Die Kl. hat Rechtsdienstleistungen i.S.d. § 2 Abs. 2 RDG erbracht. Eine Rechtsdienstleistung ist jede Tätigkeit in konkreten fremden Angelegenheiten, sobald sie eine rechtliche Prüfung des Einzelfalls erfordert und über eine bloß schematische Anwendung von Rechtsnormen ohne weitere rechtliche Prüfung hinausgeht (BGH, Urt. v. 14.1.2016 - I ZR 107/14 - juris).

Die Kl. ermittelt zunächst online unter Anwendung des Berliner Mietspiegels die ortsübliche Vergleichsmiete mittels eines „Mietpreisrechners“. Nach Auffassung der Kammer liegt hierin nicht lediglich bloßes „Rechenwerk“ eines computerbasierten Systems. Die Einordnung in den Berliner Mietspiegel zur Ermittlung der ortsüblichen Vergleichsmiete erfordert vielmehr auch eine Subsumtion der Besonderheiten der streitgegenständlichen Wohnung und deren Merkmalen unter die jeweiligen Rasterfelder des Mietspiegels und der Orientierungshilfe.

Sofern vertreten wird, es handele sich hierbei bereits deshalb nicht um eine Rechtsberatung, da kein „Recht“ angewendet werde, da es sich bei dem Berliner Mietspiegel nicht um ein Gesetz handele (vgl.
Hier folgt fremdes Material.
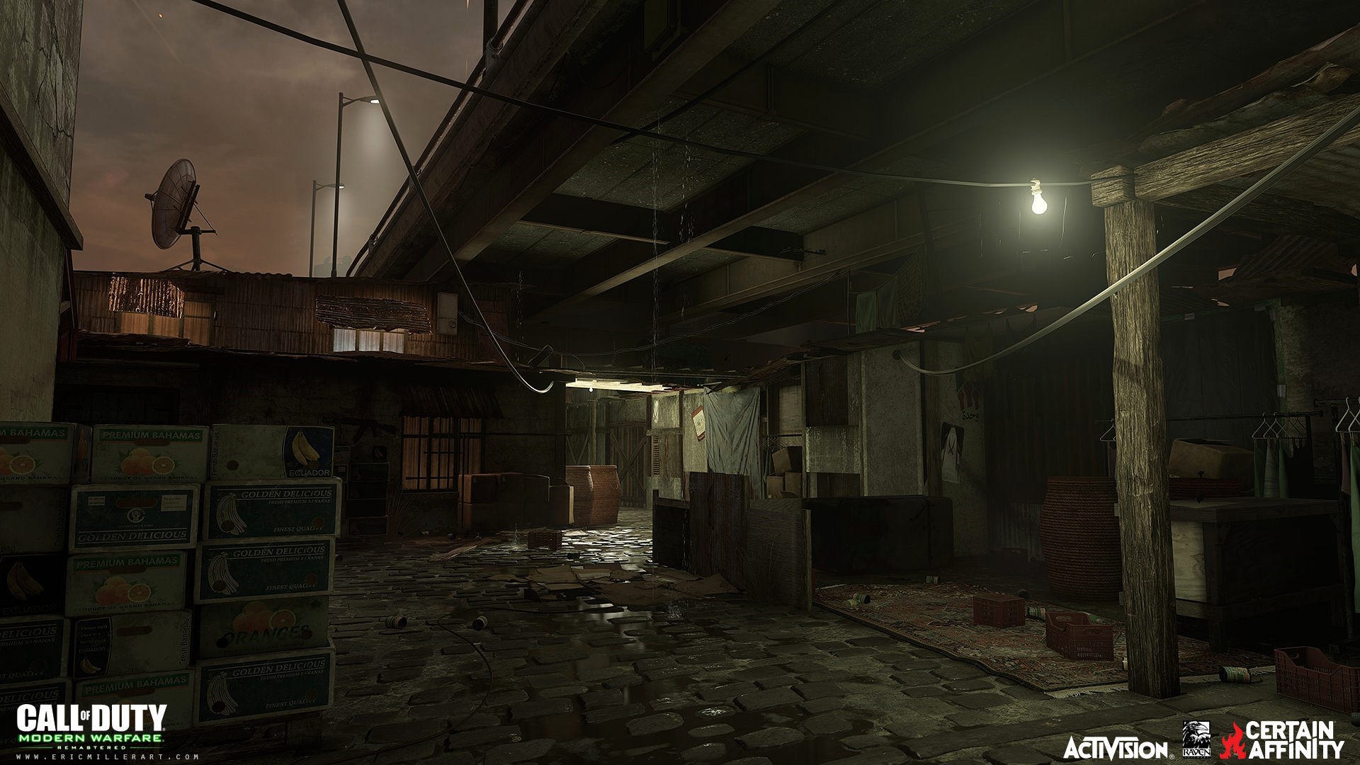 On Call of Duty Modern Warfare Remastered I was the Map Art Lead on the campaign maps Bog and Ultimatum. My key responsibilities were world building with bsp and patches using the Radiant editor on everything from buildings to roads and interiors and all manner of set dressing, following closely the blockout of the original map while pushing the visuals as far as we could in engine, helping to compose some of the skybox layout, as well as led a team of 3 other artists providing feedback and direction, pushing polish work through to map completion, helping sort out technical issues and map performance, and bug fixing.

Landgericht Berlin, Urt. v. 20.6.2018 - 65 S 70/18 - juris), kann die Kammer dem nicht folgen. § 2 Abs. 1 RDG umfasst alle Tätigkeiten in konkreten fremden Angelegenheiten, die eine rechtliche Prüfung des Einzelfalls erfordern, unabhängig davon, ob sie zeitintensiv oder schwierig sind (so auch Landgericht Berlin, Beschl. v. 3.7.2018 - 67 S 157/18 - juris m.w.N.).

Bei den durch die Kl. erbrachten Rechtsdienstleistungen handelt es sich nach Auffassung der Kammer weder um solche, die von ihrer Registrierung als Inkassodienstleisterin gemäß § 10 RDG umfasst sind, noch um solche, die als bloße Nebentätigkeit erlaubnisfrei gemäß § 5 Abs. 1 RDG wären.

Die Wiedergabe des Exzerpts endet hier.